** Material for the task **
○ ○ ○ ○ ○ ○ ○

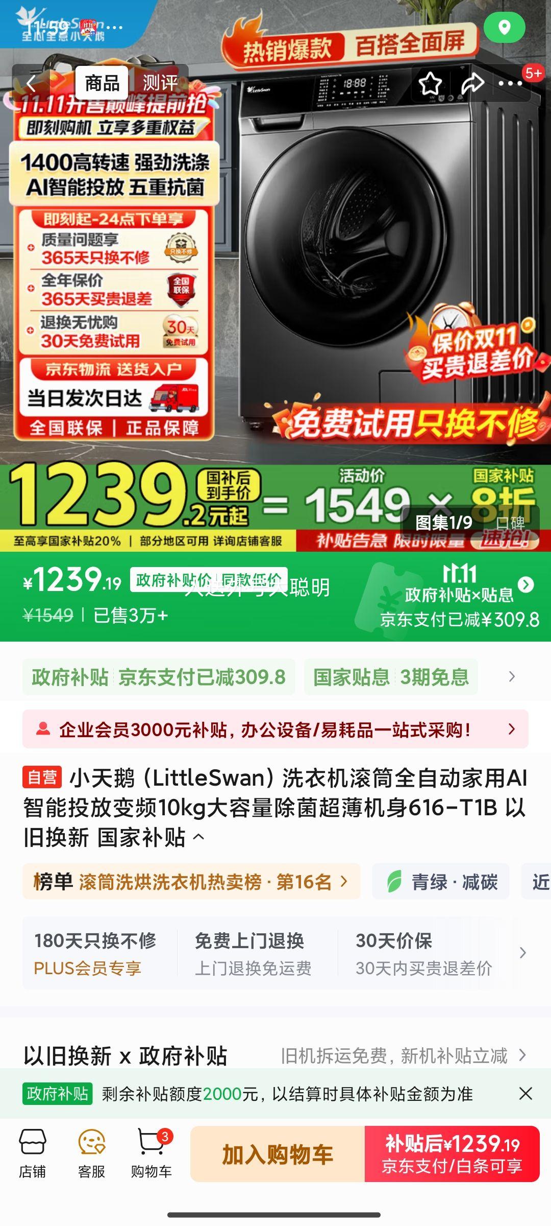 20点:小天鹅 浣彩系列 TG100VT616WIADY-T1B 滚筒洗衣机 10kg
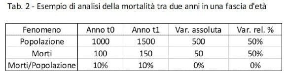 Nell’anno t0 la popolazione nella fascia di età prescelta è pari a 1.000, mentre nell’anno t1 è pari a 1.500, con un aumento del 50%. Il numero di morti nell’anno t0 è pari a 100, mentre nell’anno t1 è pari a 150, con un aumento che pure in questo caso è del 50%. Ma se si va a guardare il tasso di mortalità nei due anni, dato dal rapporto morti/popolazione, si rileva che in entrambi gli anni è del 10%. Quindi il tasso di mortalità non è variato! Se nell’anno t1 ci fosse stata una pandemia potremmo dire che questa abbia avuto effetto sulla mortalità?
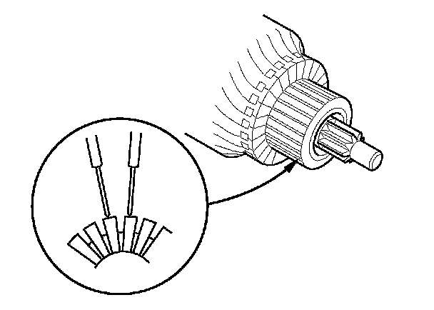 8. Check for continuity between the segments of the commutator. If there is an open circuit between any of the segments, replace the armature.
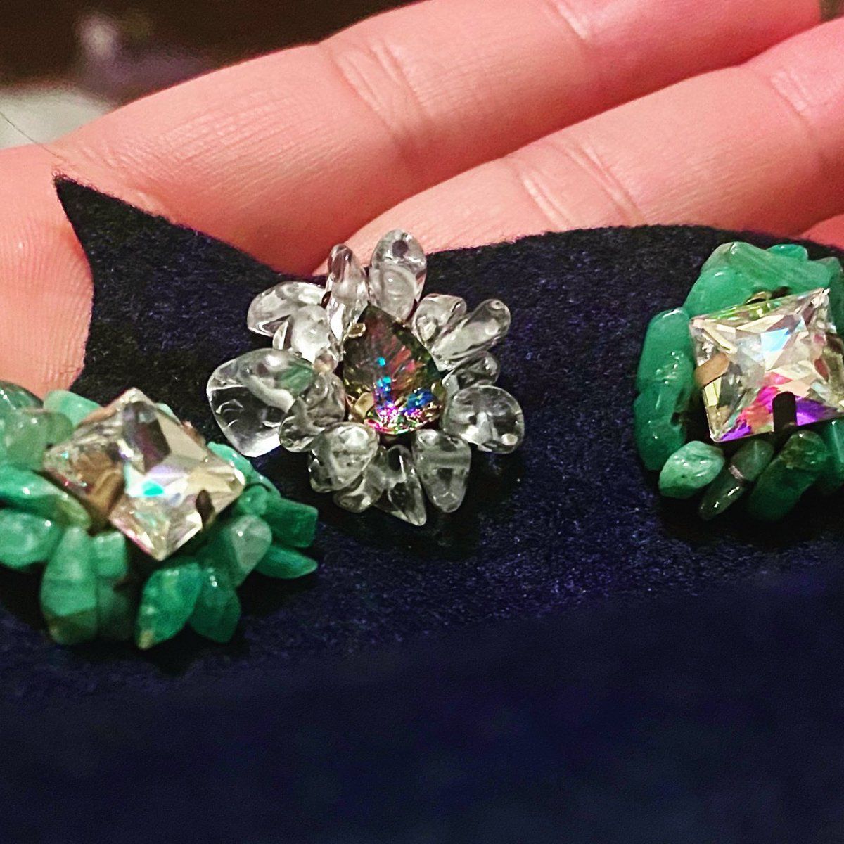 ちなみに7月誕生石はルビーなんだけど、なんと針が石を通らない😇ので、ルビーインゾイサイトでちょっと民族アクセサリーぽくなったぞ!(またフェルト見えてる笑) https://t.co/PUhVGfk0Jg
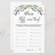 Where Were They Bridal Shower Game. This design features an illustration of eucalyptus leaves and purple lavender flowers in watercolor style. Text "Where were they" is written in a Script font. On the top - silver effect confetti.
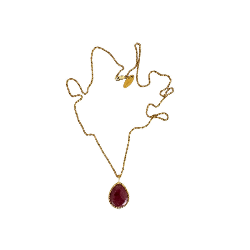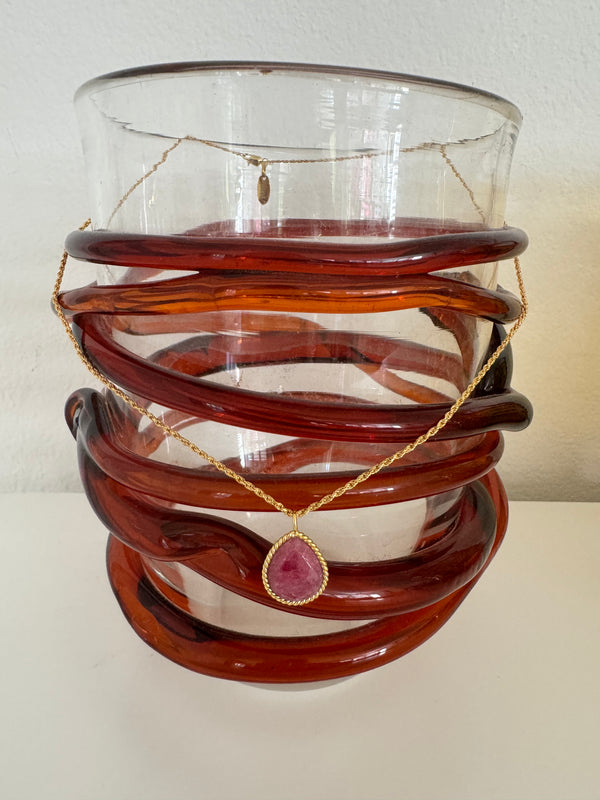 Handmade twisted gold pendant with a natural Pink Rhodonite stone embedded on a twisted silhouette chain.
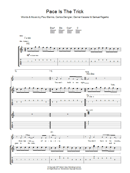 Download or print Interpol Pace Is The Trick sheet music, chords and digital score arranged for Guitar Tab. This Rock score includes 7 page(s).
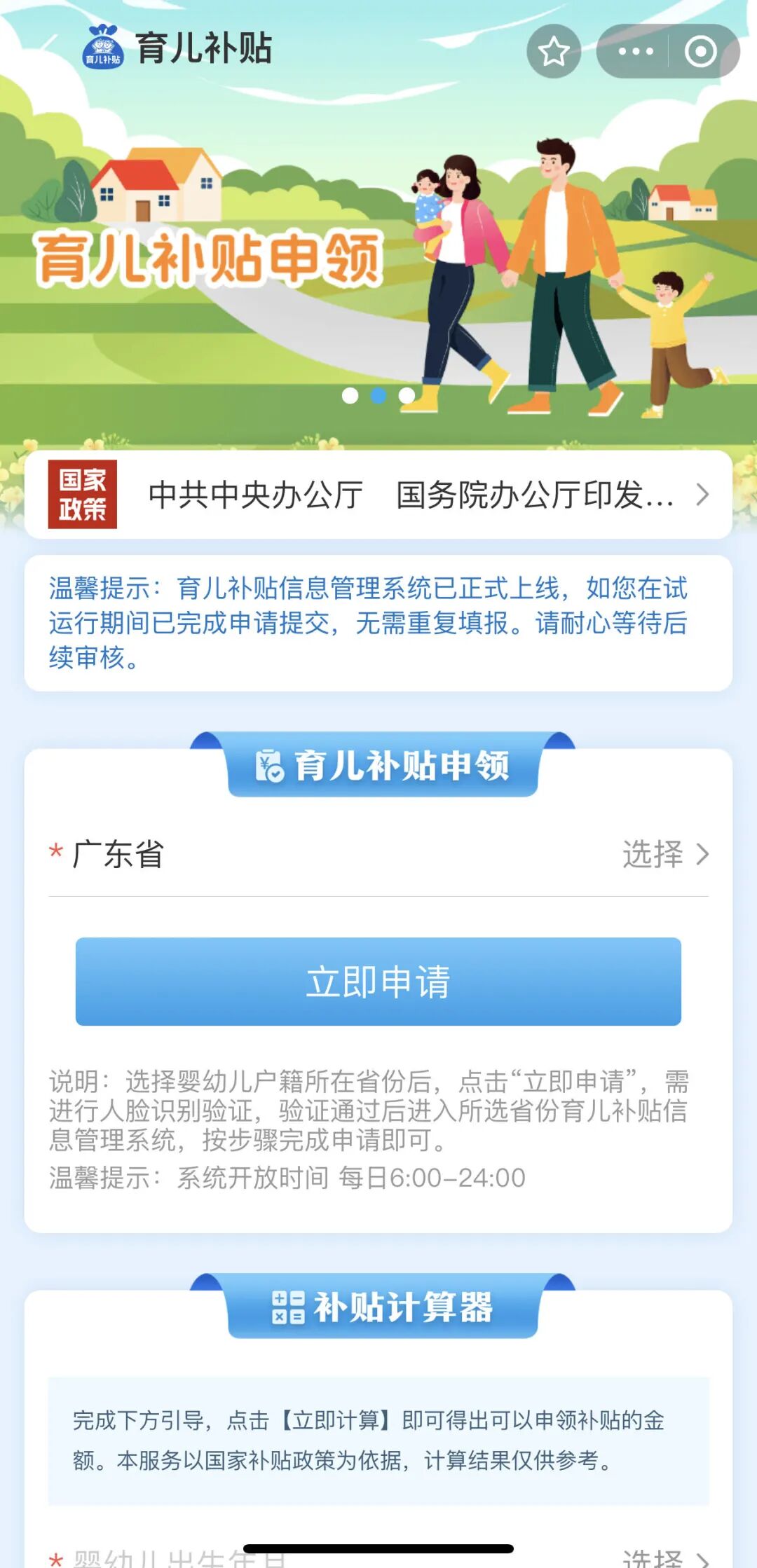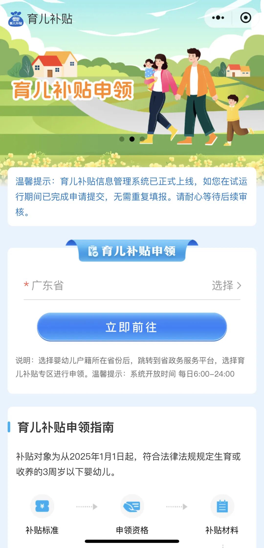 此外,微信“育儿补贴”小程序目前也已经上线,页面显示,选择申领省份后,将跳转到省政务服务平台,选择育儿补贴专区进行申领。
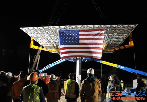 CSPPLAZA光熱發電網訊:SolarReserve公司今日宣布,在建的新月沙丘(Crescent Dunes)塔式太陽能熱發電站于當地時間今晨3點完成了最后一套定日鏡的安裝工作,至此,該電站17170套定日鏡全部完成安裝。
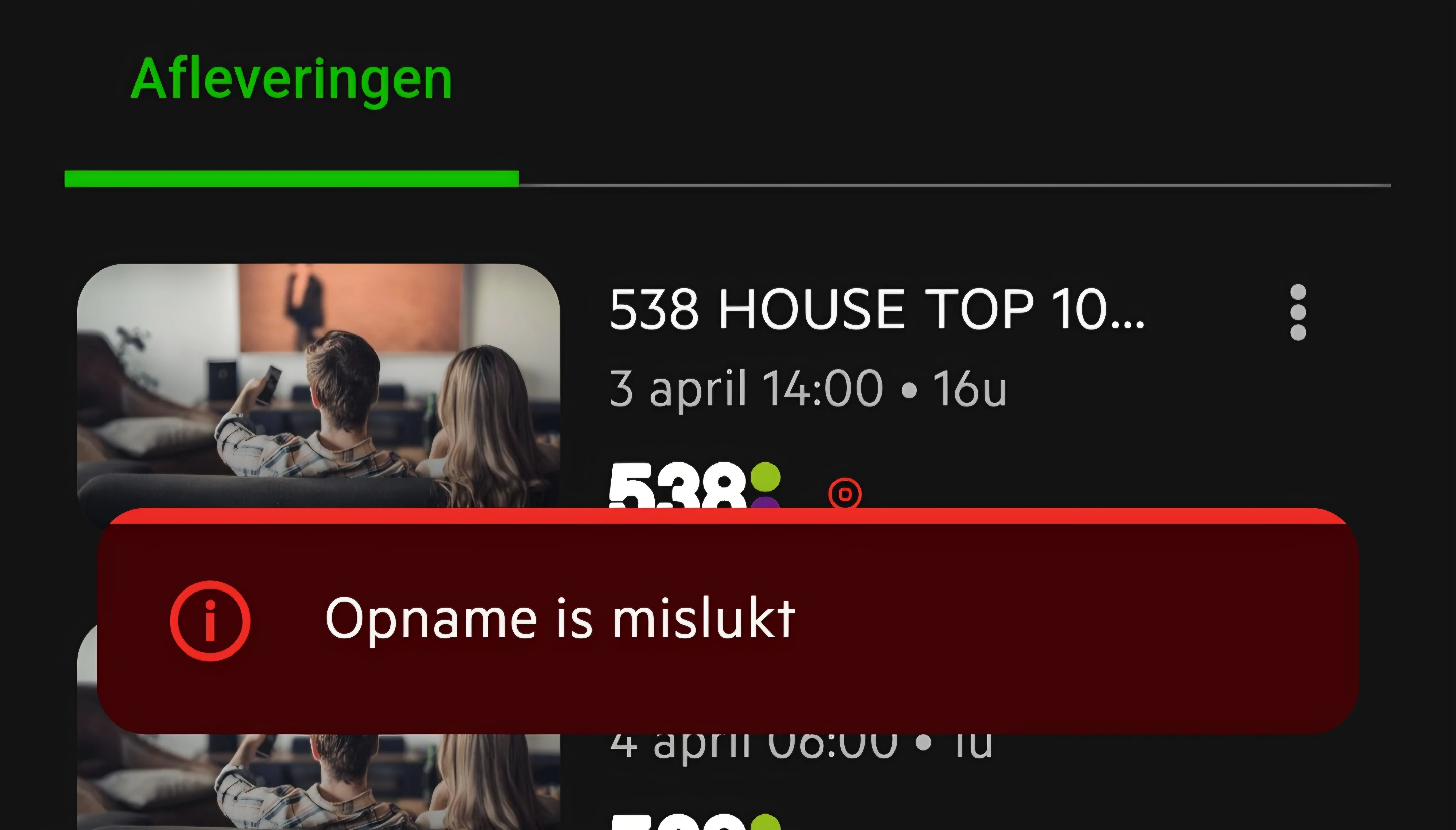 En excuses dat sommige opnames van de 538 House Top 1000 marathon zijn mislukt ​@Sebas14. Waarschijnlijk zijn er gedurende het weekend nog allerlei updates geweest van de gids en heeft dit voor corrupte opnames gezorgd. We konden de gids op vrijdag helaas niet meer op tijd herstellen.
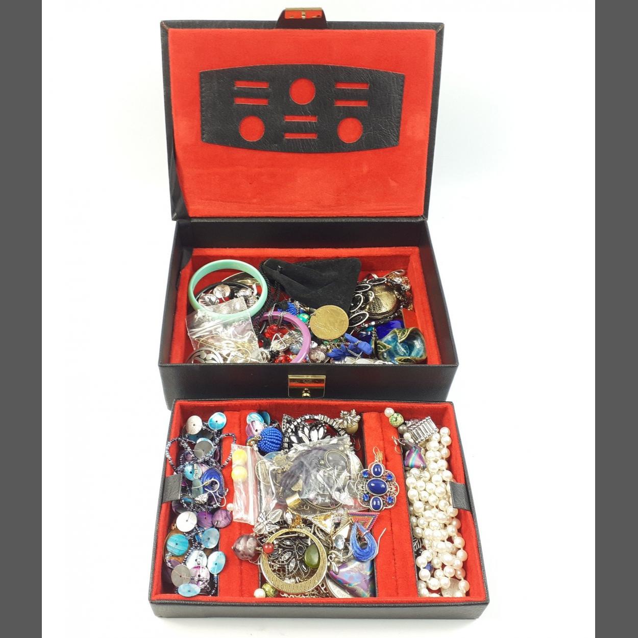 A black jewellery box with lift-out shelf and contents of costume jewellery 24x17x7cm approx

○ ○ ○ ○ ○ ○ ○

** Required work **
Restate the whole of the material word for word without the pictures.

** Task response **
 20点:小天鹅 浣彩系列 TG100VT616WIADY-T1B 滚筒洗衣机 10kg
 Nell’anno t0 la popolazione nella fascia di età prescelta è pari a 1.000, mentre nell’anno t1 è pari a 1.500, con un aumento del 50%. Il numero di morti nell’anno t0 è pari a 100, mentre nell’anno t1 è pari a 150, con un aumento che pure in questo caso è del 50%. Ma se si va a guardare il tasso di mortalità nei due anni, dato dal rapporto morti/popolazione, si rileva che in entrambi gli anni è del 10%. Quindi il tasso di mortalità non è variato! Se nell’anno t1 ci fosse stata una pandemia potremmo dire che questa abbia avuto effetto sulla mortalità?
 8. Check for continuity between the segments of the commutator. If there is an open circuit between any of the segments, replace the armature.
 ちなみに7月誕生石はルビーなんだけど、なんと針が石を通らない😇ので、ルビーインゾイサイトでちょっと民族アクセサリーぽくなったぞ!(またフェルト見えてる笑) https://t.co/PUhVGfk0Jg
 Where Were They Bridal Shower Game. This design features an illustration of eucalyptus leaves and purple lavender flowers in watercolor style. Text "Where were they" is written in a Script font. On the top - silver effect confetti.
 Handmade twisted gold pendant with a natural Pink Rhodonite stone embedded on a twisted silhouette chain.
 Download or print Interpol Pace Is The Trick sheet music, chords and digital score arranged for Guitar Tab. This Rock score includes 7 page(s).
 此外,微信“育儿补贴”小程序目前也已经上线,页面显示,选择申领省份后,将跳转到省政务服务平台,选择育儿补贴专区进行申领。
 CSPPLAZA光熱發電網訊:SolarReserve公司今日宣布,在建的新月沙丘(Crescent Dunes)塔式太陽能熱發電站于當地時間今晨3點完成了最后一套定日鏡的安裝工作,至此,該電站17170套定日鏡全部完成安裝。
 En excuses dat sommige opnames van de 538 House Top 1000 marathon zijn mislukt ​@Sebas14. Waarschijnlijk zijn er gedurende het weekend nog allerlei updates geweest van de gids en heeft dit voor corrupte opnames gezorgd. We konden de gids op vrijdag helaas niet meer op tijd herstellen.
 A black jewellery box with lift-out shelf and contents of costume jewellery 24x17x7cm approx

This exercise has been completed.